■ Problem to solve: Pictures in the records below must be left out. Return exactly the lines from the line with "Contact us about" to the line with "因公司产品体系调整,现将蜂蜜", both included.

■ Task input:
******************************

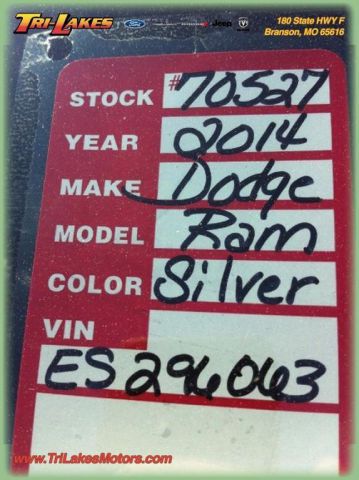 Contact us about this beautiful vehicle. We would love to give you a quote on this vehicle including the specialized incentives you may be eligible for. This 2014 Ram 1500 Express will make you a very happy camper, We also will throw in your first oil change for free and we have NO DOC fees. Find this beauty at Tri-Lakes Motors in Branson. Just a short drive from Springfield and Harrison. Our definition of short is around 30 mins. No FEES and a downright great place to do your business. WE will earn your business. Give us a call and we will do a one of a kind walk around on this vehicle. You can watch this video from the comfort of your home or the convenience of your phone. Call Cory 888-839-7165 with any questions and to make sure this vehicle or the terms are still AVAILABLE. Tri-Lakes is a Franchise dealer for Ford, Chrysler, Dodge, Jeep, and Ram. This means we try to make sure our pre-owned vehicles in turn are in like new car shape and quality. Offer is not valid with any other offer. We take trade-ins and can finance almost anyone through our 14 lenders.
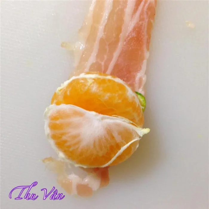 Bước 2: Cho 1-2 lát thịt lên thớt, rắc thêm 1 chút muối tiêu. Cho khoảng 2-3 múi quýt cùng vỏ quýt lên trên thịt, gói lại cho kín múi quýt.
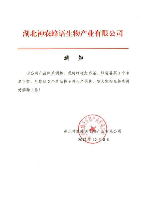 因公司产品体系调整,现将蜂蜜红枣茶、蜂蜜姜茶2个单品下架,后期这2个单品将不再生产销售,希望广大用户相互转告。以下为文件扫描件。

******************************

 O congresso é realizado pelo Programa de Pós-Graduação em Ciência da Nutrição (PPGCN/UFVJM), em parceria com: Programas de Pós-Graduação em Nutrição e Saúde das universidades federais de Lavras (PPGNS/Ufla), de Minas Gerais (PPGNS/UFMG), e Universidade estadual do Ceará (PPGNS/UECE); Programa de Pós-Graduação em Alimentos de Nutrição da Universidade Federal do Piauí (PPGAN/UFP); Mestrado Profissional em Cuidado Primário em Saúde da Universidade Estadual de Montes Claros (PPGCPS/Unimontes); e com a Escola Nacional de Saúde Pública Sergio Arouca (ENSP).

******************************

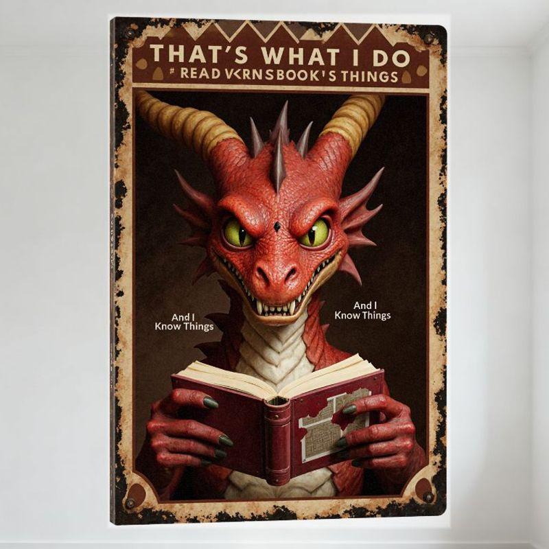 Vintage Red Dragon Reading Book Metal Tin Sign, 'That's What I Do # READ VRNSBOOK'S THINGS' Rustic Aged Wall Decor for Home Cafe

******************************

■ Exercise solution:
 Contact us about this beautiful vehicle. We would love to give you a quote on this vehicle including the specialized incentives you may be eligible for. This 2014 Ram 1500 Express will make you a very happy camper, We also will throw in your first oil change for free and we have NO DOC fees. Find this beauty at Tri-Lakes Motors in Branson. Just a short drive from Springfield and Harrison. Our definition of short is around 30 mins. No FEES and a downright great place to do your business. WE will earn your business. Give us a call and we will do a one of a kind walk around on this vehicle. You can watch this video from the comfort of your home or the convenience of your phone. Call Cory 888-839-7165 with any questions and to make sure this vehicle or the terms are still AVAILABLE. Tri-Lakes is a Franchise dealer for Ford, Chrysler, Dodge, Jeep, and Ram. This means we try to make sure our pre-owned vehicles in turn are in like new car shape and quality. Offer is not valid with any other offer. We take trade-ins and can finance almost anyone through our 14 lenders.
 Bước 2: Cho 1-2 lát thịt lên thớt, rắc thêm 1 chút muối tiêu. Cho khoảng 2-3 múi quýt cùng vỏ quýt lên trên thịt, gói lại cho kín múi quýt.
 因公司产品体系调整,现将蜂蜜红枣茶、蜂蜜姜茶2个单品下架,后期这2个单品将不再生产销售,希望广大用户相互转告。以下为文件扫描件。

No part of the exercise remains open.